E-commerce Sales and Your Northern Neighbor – By Steven Page

by Sara Szado on April 19, 2016

Canada’s strong economy and high-demand for international products make optimized e-commerce websites a gold mine for U.S. based businesses. In 2015, 75% of Canadians made more than one purchase online.

According to Statistics Canada, almost 60% of online sales made in Canada in 2012 were on e-commerce sites outside the country. When U.S. e-tailers optimize their websites to cater to the needs of their growing consumer base in Canada, they have a better chance of retaining long-term customers and driving revenue.

With the ease of purchase and ability to acquire unique items delivered straight to their door, Canadians expect the online shopping experience to be simple and straightforward, including the shipping and return process.

As Canadians shift their preferred shopping channels of choice to include more e-commerce, marketers should be ready for the surge in purchases and the various logistics that are necessary for efficiently delivering products to customers north of the border.

A recent study by eMarketer estimated that Canadians will spend over $26 billion USD on e-commerce sites by 2019. But, in order to get products that are not available in their country, Canadians often end up paying much more than the cost shown on the website. The growing Canadian e-commerce market makes it critical for U.S. e-commerce companies to focus on creating a user experience specific to Canadian shoppers.
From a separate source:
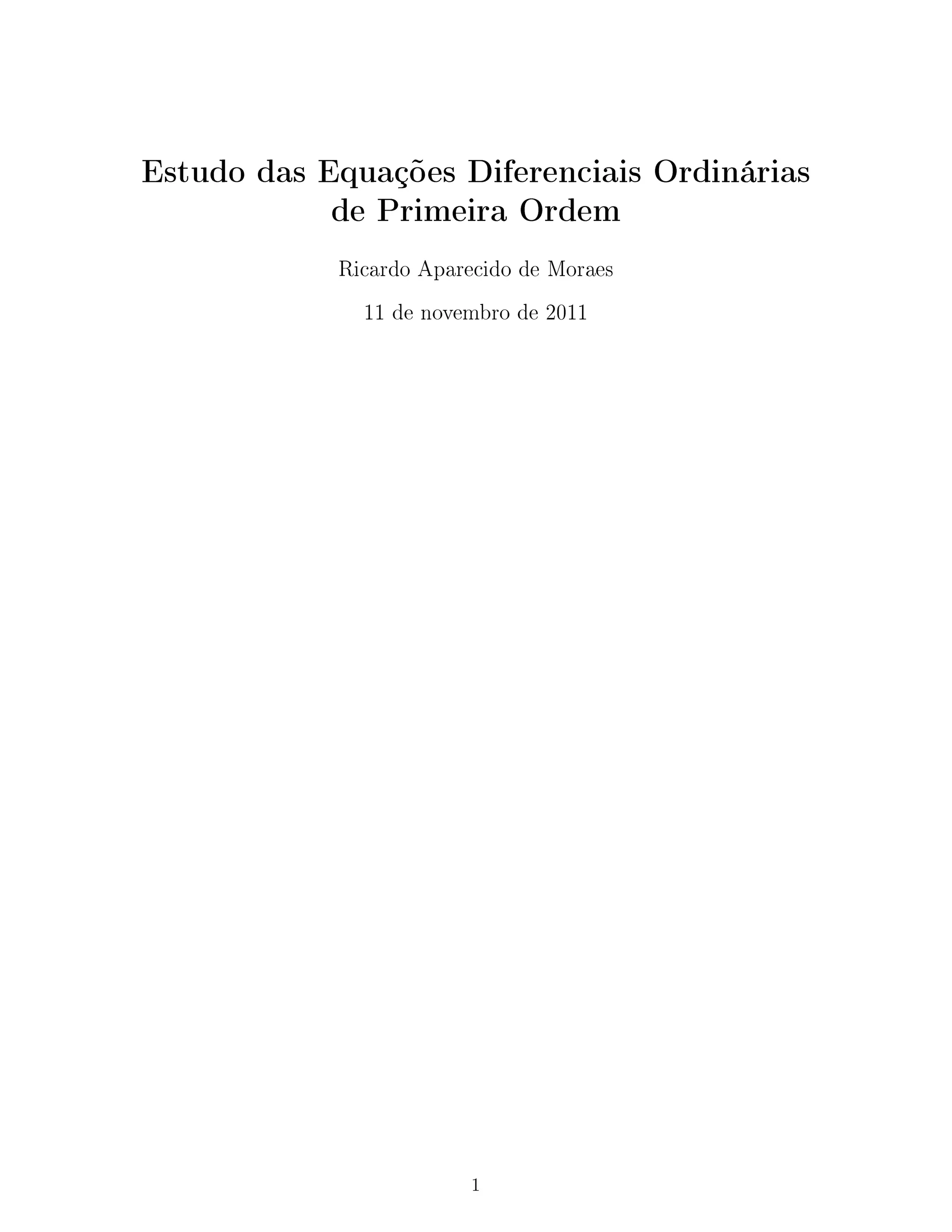 Este documento apresenta os principais métodos para resolver equações diferenciais ordinárias de primeira ordem, incluindo: (1) o método de separação de variáveis, (2) o método de substituição algébrica para equações homogêneas, e (3) o método para equações exatas. Além disso, discute aplicações destas equações diferenciais em problemas como o resfriamento/aquecimento de Newton, dinâmica populacional e crescimento de peixes.

With shockingly high freight charges that often arise when shipping from the U.S. to Canada, it’s important to clearly present product pricing and shipping and handling information, which will help reduce shopping cart abandonment rates.

On the backend, e-commerce companies need to seamlessly and efficiently deliver their products to their Canadian customers, preventing surprise fees, and border delays, or forced local post office pick up. And to provide the best user experience that avoids customer service nightmares, a simple returns policy and process should also be outlined and easily accessed by consumers.

All of this can be accomplished by partnering with a logistics partner that specializes in moving freight to Canada.

The main thing here is to factor all fees into the cost of the item shown on the website, so that the customer is aware of the final cost they will pay, rather than having to pay one price up front, and additional fees upon delivery. If taxes and duties are excluded at the onset, and the customer has to pay more money when they receive the product, past experience shows they will be extremely unhappy and may never purchase from the website again.

To be successful, it is vital that businesses invest in technology, and partner with the right vendors that will make their e-commerce website and delivery methods efficient, easy, and sustainable for long-term success in the Canadian market.

Steven Page is Founder & President of Stalco, a Canadian-based logistics and fulfillment company.